→ EXERCISE AIM
Restate word for word the lines below, from the one containing "在应届大学生家中,宣传组与适" through the final line, with no pictures included.

→ DATASET EXCERPTS
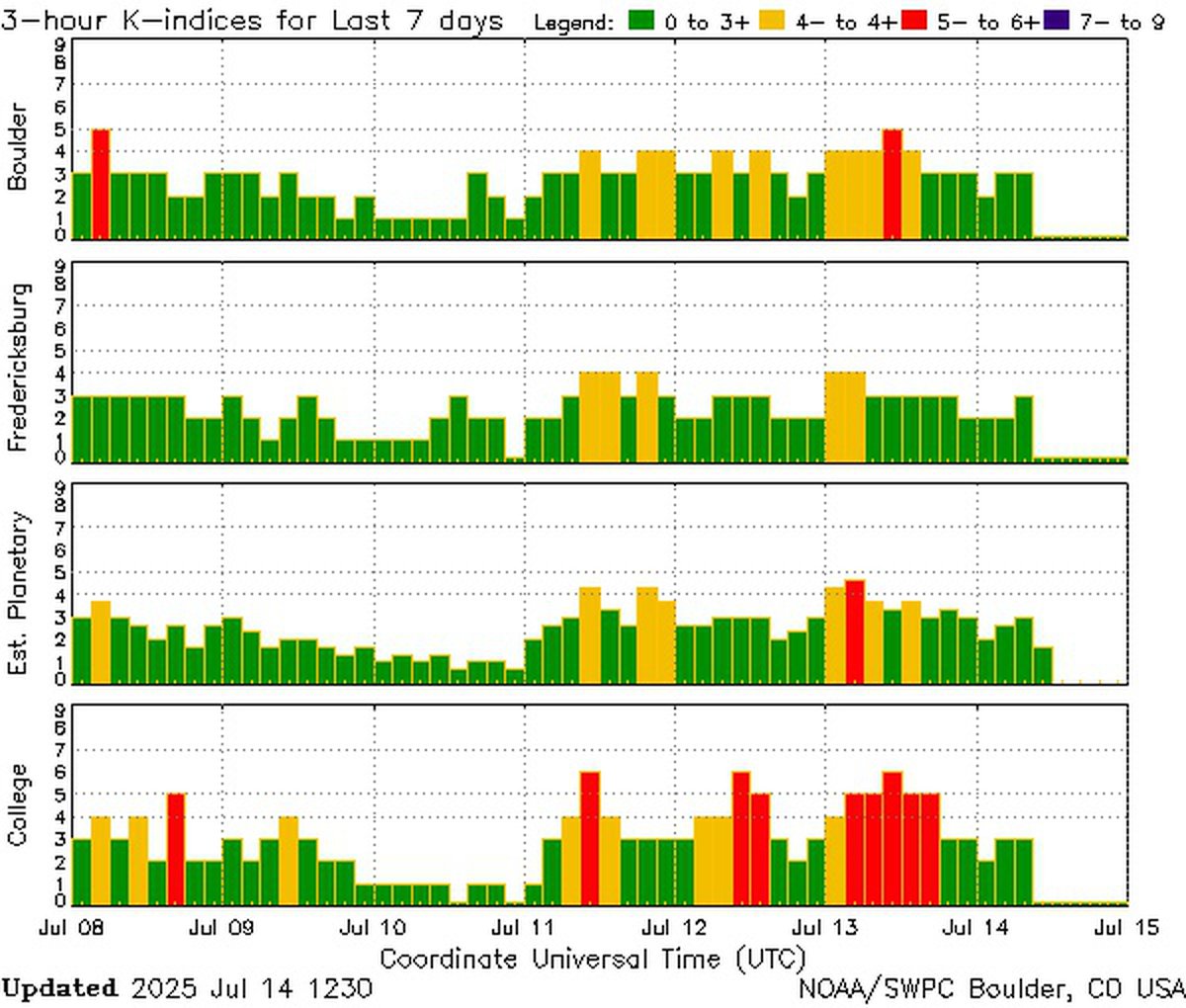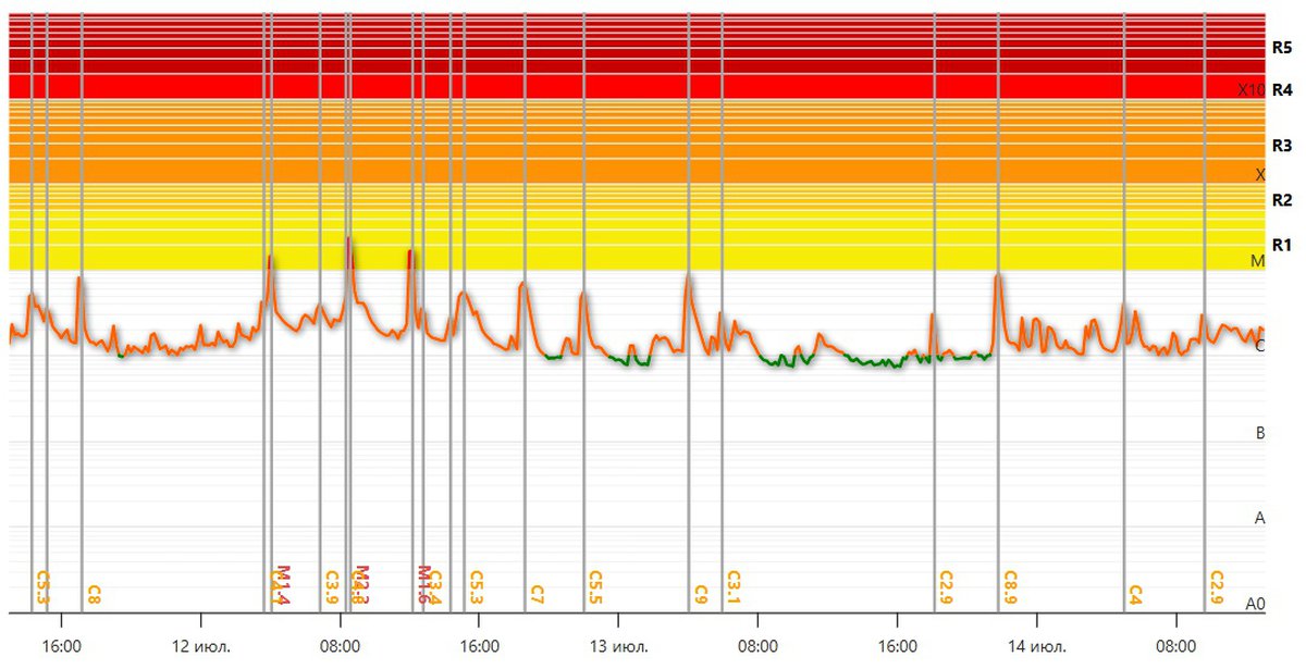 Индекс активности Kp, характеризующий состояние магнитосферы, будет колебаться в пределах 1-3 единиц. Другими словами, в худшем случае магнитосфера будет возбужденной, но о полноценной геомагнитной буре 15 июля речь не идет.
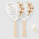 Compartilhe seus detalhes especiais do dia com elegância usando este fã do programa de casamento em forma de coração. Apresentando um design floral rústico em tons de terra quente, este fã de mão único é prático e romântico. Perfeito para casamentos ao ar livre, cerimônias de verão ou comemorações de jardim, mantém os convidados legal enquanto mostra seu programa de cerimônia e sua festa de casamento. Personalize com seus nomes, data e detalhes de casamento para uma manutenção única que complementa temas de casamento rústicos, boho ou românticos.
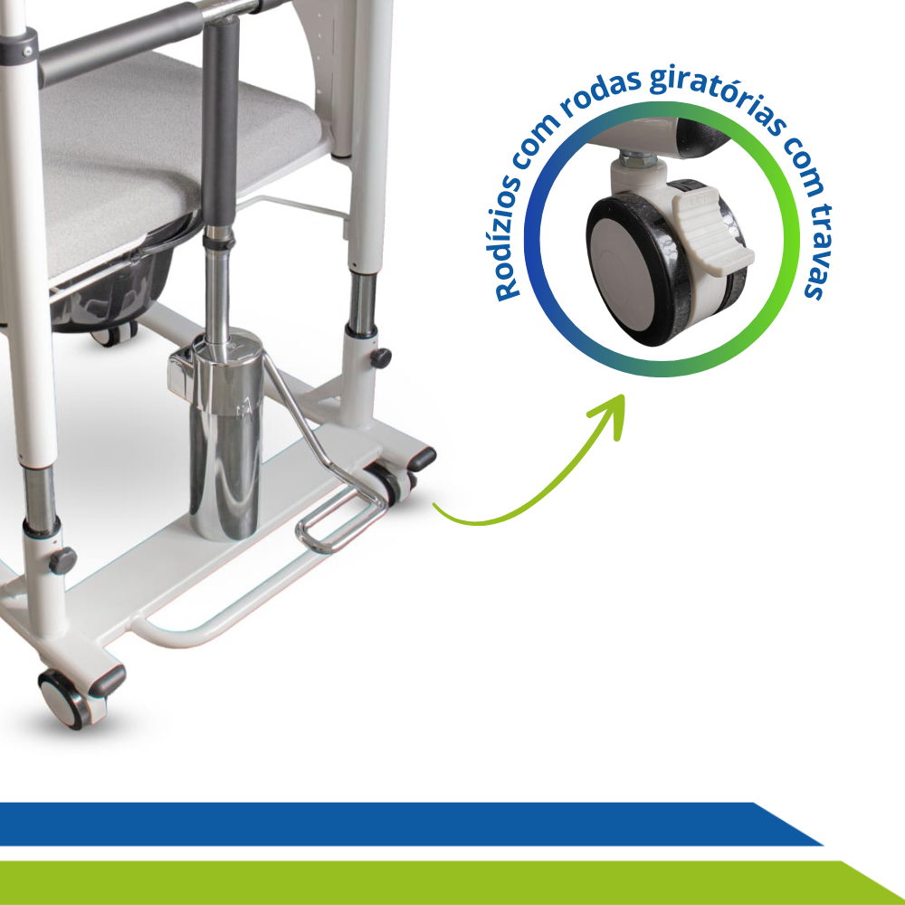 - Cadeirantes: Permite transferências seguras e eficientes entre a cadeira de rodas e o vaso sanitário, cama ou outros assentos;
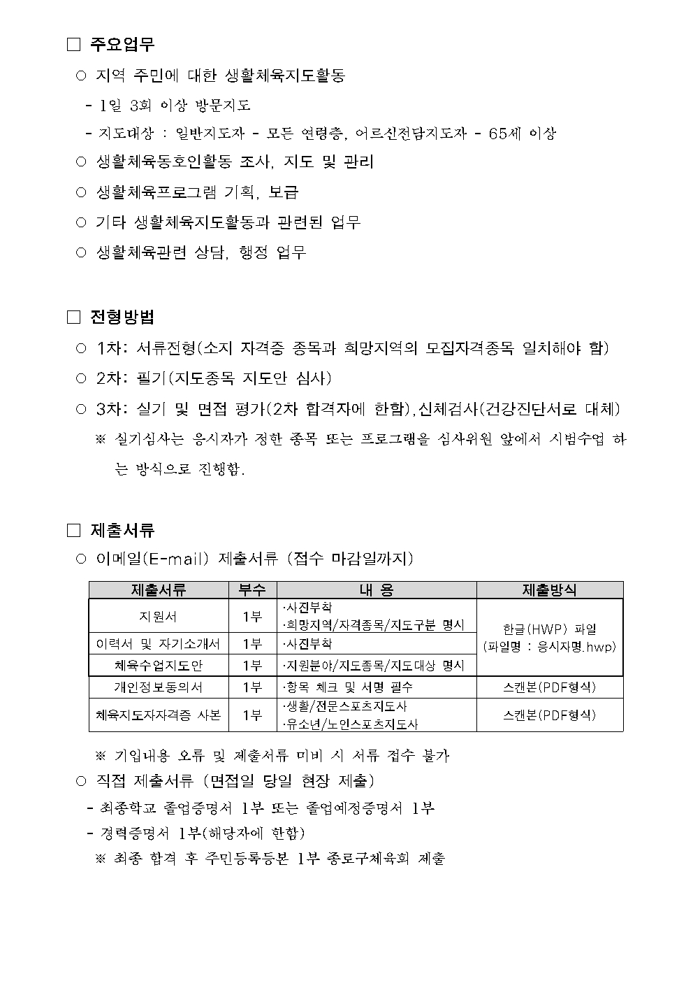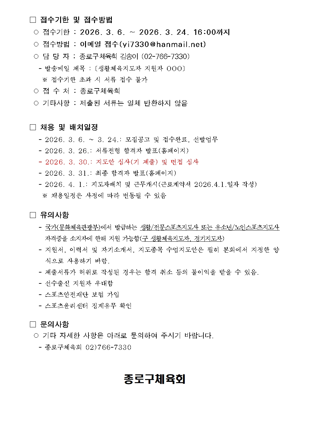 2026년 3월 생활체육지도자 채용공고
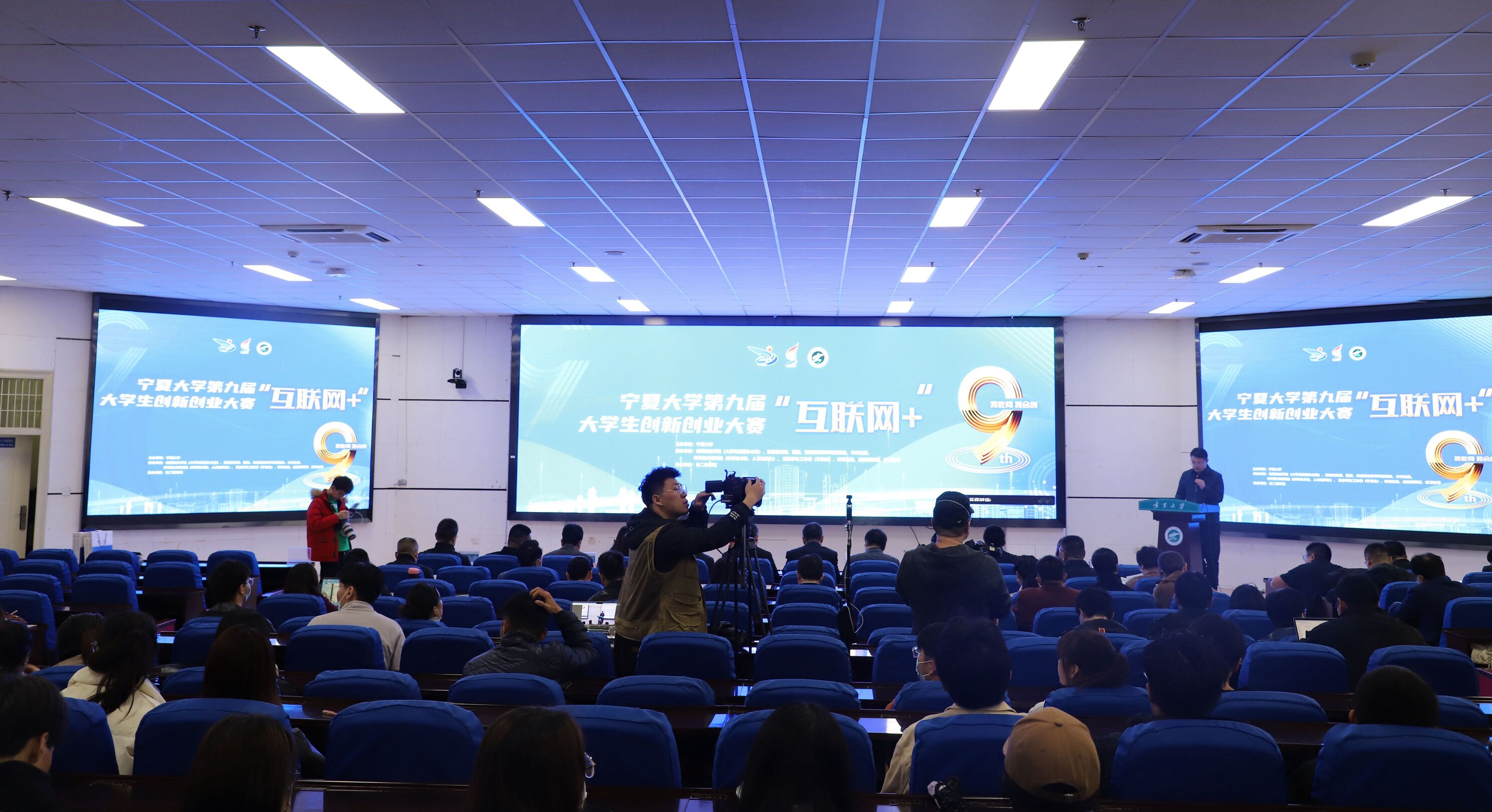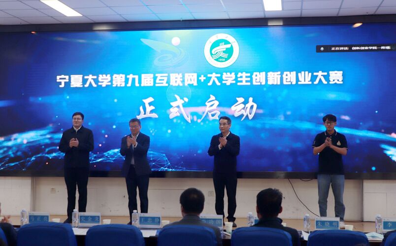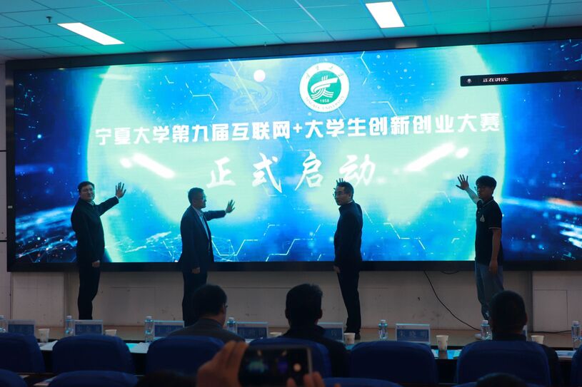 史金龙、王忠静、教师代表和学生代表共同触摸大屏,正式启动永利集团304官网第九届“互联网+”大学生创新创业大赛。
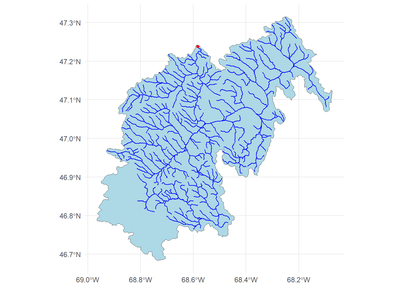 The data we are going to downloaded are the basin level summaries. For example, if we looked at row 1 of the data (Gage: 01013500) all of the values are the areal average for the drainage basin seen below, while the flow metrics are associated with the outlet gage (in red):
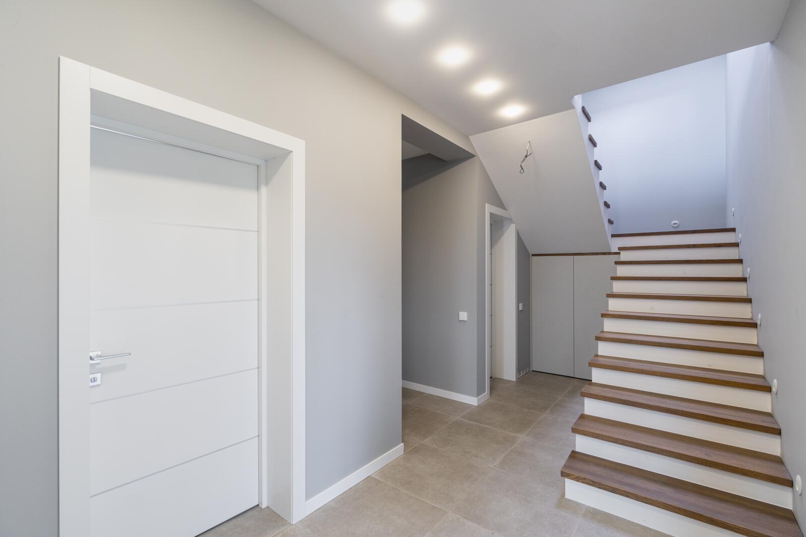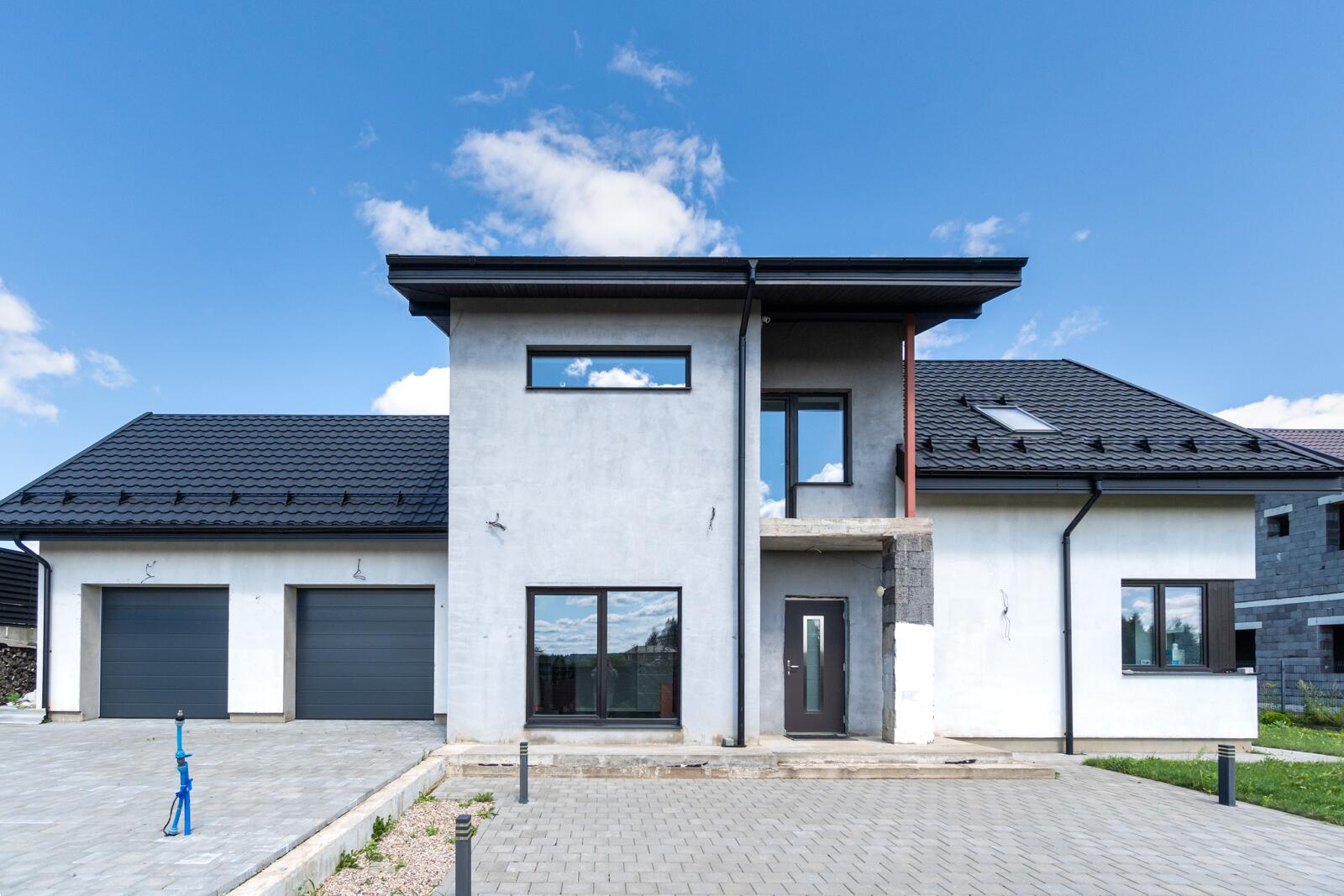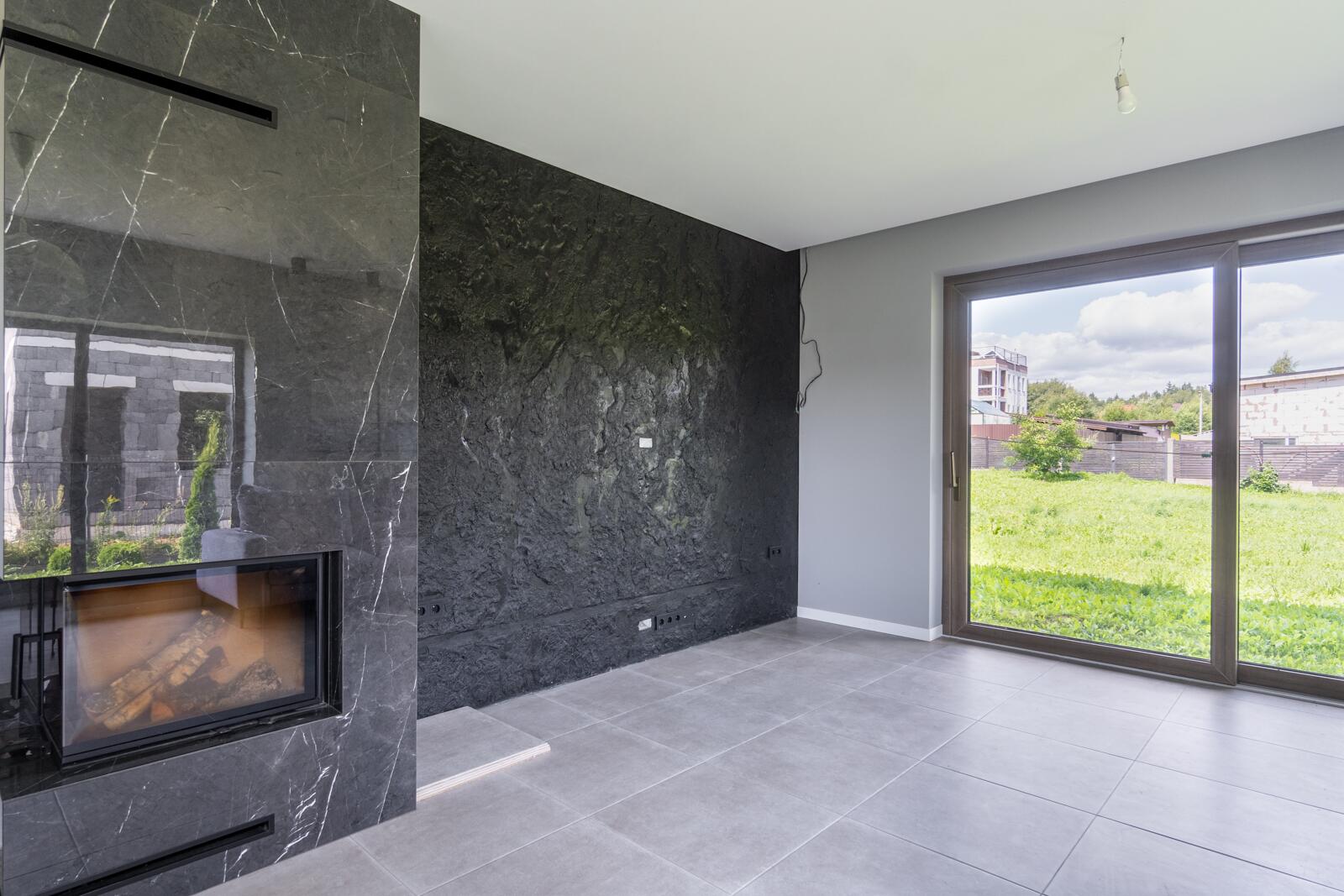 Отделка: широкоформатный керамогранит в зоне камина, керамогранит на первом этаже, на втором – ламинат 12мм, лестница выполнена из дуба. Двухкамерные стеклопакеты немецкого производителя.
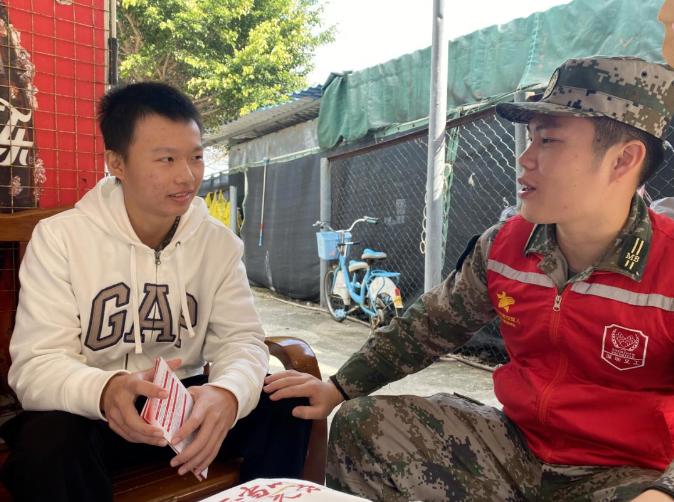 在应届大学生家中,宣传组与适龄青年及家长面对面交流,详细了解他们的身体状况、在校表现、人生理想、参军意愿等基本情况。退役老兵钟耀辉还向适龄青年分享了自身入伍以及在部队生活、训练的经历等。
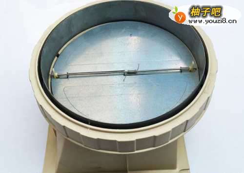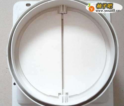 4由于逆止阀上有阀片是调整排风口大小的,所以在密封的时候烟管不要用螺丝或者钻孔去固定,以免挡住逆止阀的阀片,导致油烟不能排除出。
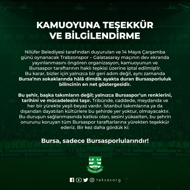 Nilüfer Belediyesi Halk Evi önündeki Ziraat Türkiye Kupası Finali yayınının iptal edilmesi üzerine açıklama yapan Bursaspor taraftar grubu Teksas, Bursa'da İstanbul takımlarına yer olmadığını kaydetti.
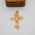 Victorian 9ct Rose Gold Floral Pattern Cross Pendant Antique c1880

→ SOLUTION TO THIS TASK
 在应届大学生家中,宣传组与适龄青年及家长面对面交流,详细了解他们的身体状况、在校表现、人生理想、参军意愿等基本情况。退役老兵钟耀辉还向适龄青年分享了自身入伍以及在部队生活、训练的经历等。
 4由于逆止阀上有阀片是调整排风口大小的,所以在密封的时候烟管不要用螺丝或者钻孔去固定,以免挡住逆止阀的阀片,导致油烟不能排除出。
 Nilüfer Belediyesi Halk Evi önündeki Ziraat Türkiye Kupası Finali yayınının iptal edilmesi üzerine açıklama yapan Bursaspor taraftar grubu Teksas, Bursa'da İstanbul takımlarına yer olmadığını kaydetti.
 Victorian 9ct Rose Gold Floral Pattern Cross Pendant Antique c1880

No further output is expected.